■ WORK TASK ■
Using the data below, print exactly the line with "Jídelní lístek 9. 6. - 13. 6. 2025", the line with "A set of four", and every line between them, but none of the pictures.

■ EXERCISE DATA ■
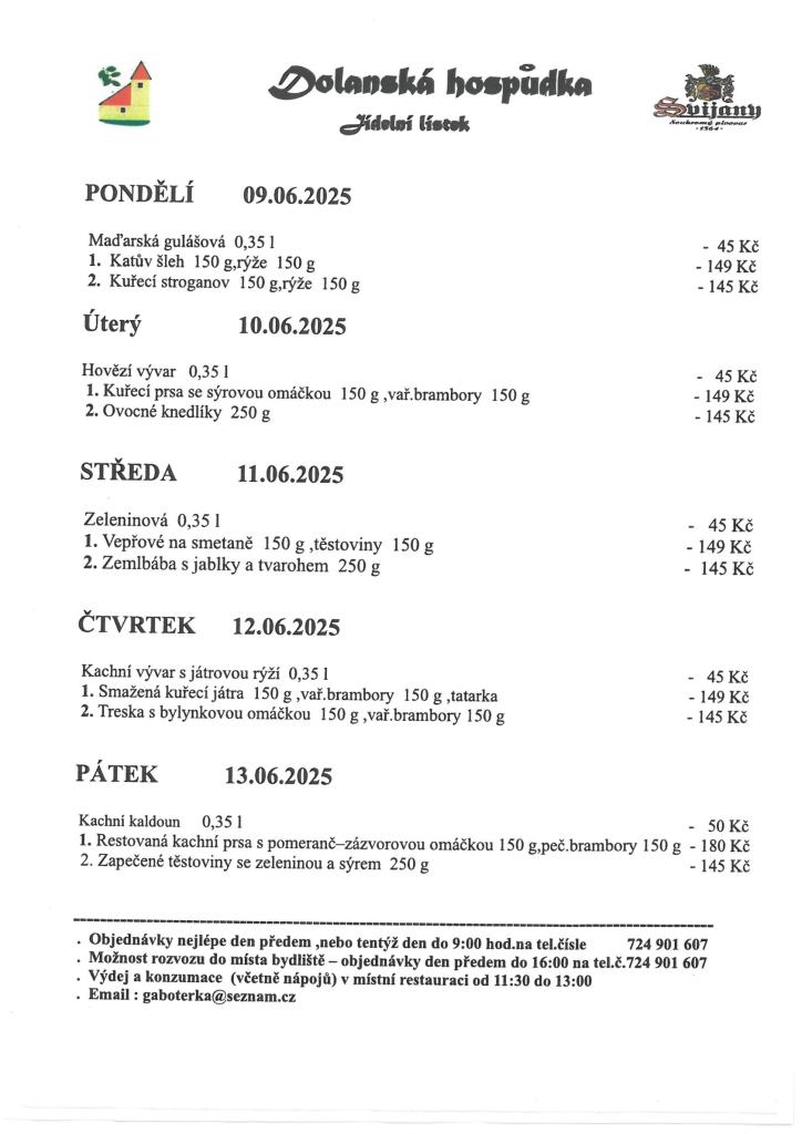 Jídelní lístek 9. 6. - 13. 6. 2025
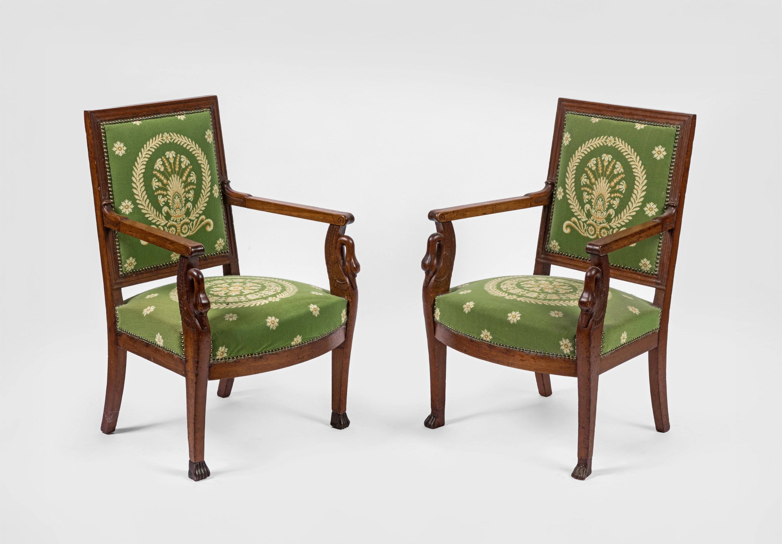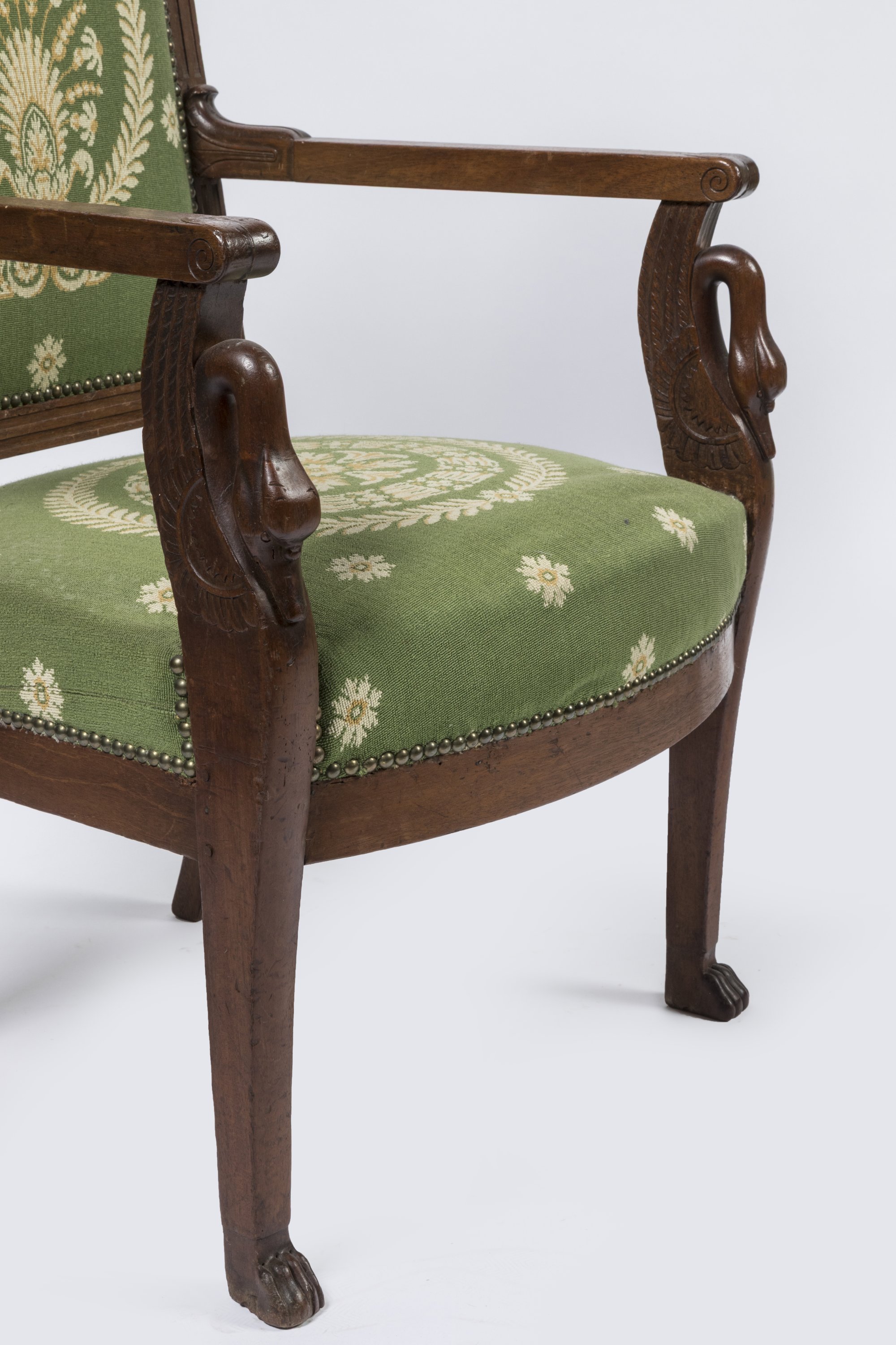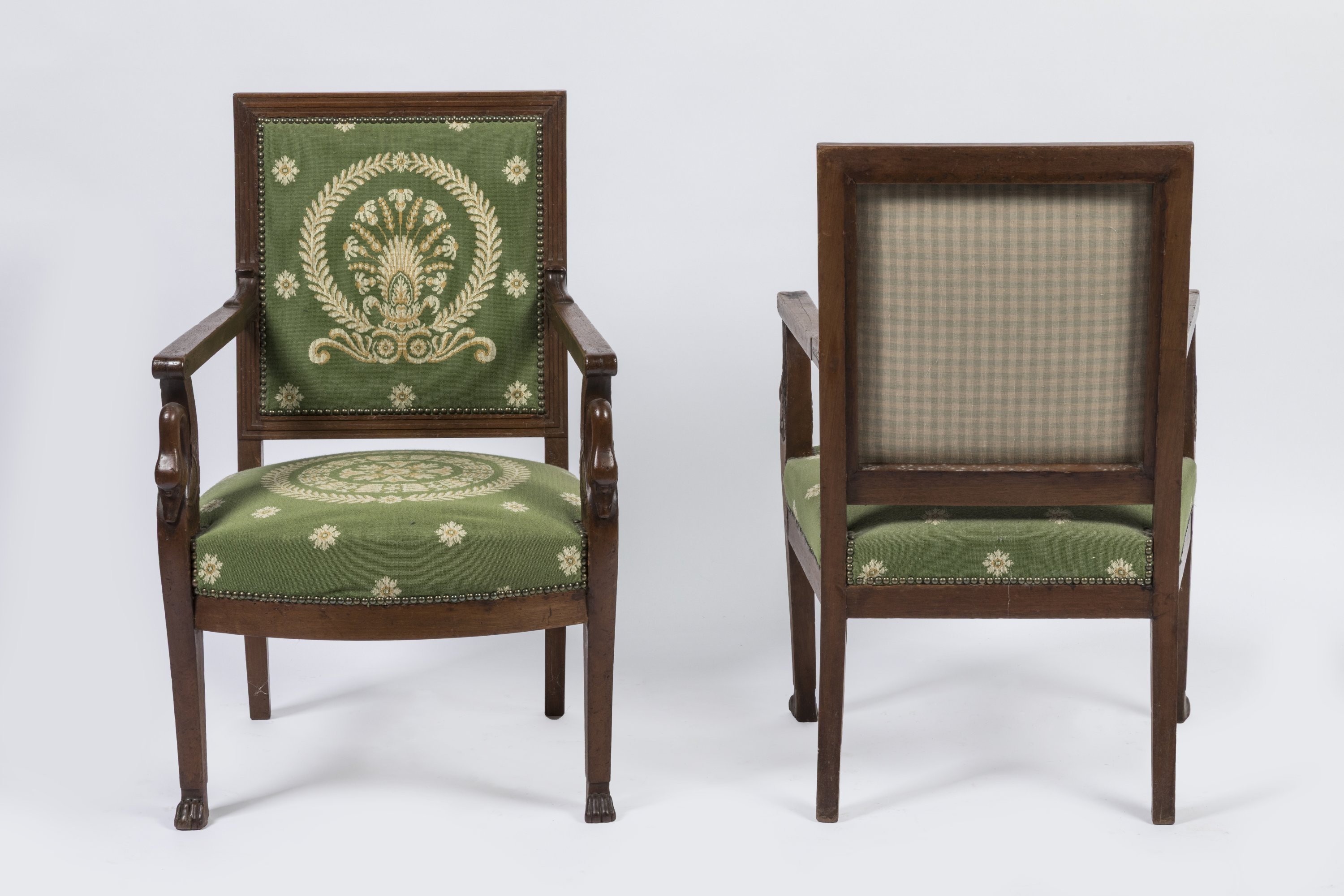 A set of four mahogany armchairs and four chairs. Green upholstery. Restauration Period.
* * *
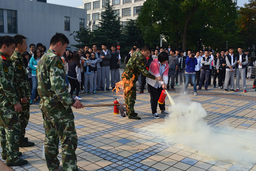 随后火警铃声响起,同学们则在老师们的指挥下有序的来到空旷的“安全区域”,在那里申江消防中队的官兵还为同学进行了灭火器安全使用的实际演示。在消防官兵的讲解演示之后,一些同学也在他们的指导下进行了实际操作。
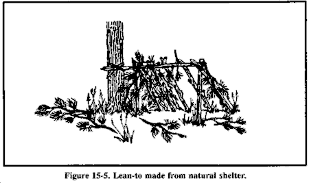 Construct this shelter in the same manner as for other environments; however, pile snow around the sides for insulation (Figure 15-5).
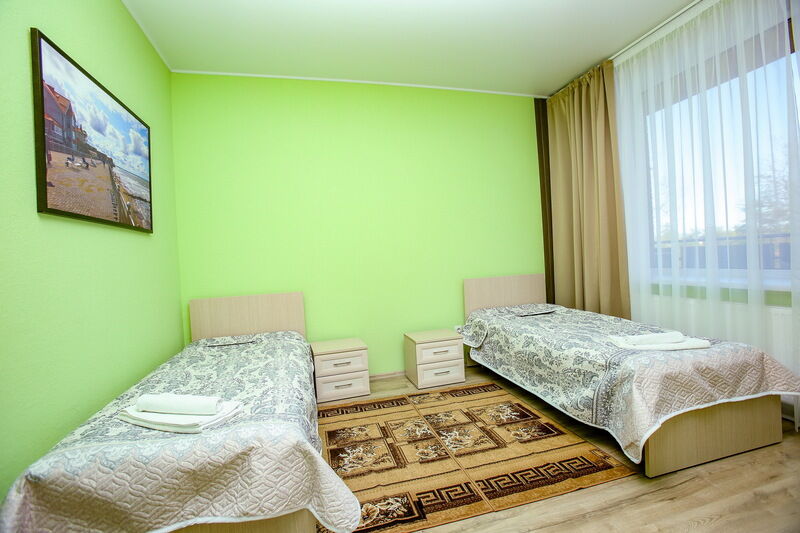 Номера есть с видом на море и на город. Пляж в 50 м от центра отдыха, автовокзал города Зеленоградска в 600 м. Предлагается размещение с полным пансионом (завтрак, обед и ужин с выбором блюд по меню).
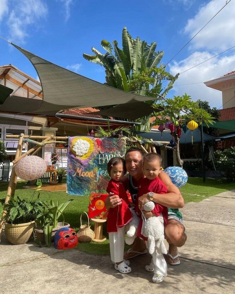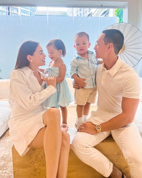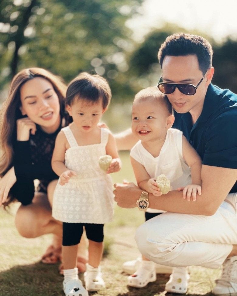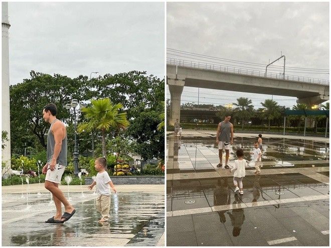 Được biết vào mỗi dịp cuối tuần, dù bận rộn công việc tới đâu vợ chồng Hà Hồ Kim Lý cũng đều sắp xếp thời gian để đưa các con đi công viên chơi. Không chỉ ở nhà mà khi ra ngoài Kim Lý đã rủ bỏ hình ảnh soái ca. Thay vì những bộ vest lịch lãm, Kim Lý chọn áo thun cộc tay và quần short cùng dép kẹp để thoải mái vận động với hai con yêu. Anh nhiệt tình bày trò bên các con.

■ ANSWER FOR THE TASK ■
 Jídelní lístek 9. 6. - 13. 6. 2025
 A set of four mahogany armchairs and four chairs. Green upholstery. Restauration Period.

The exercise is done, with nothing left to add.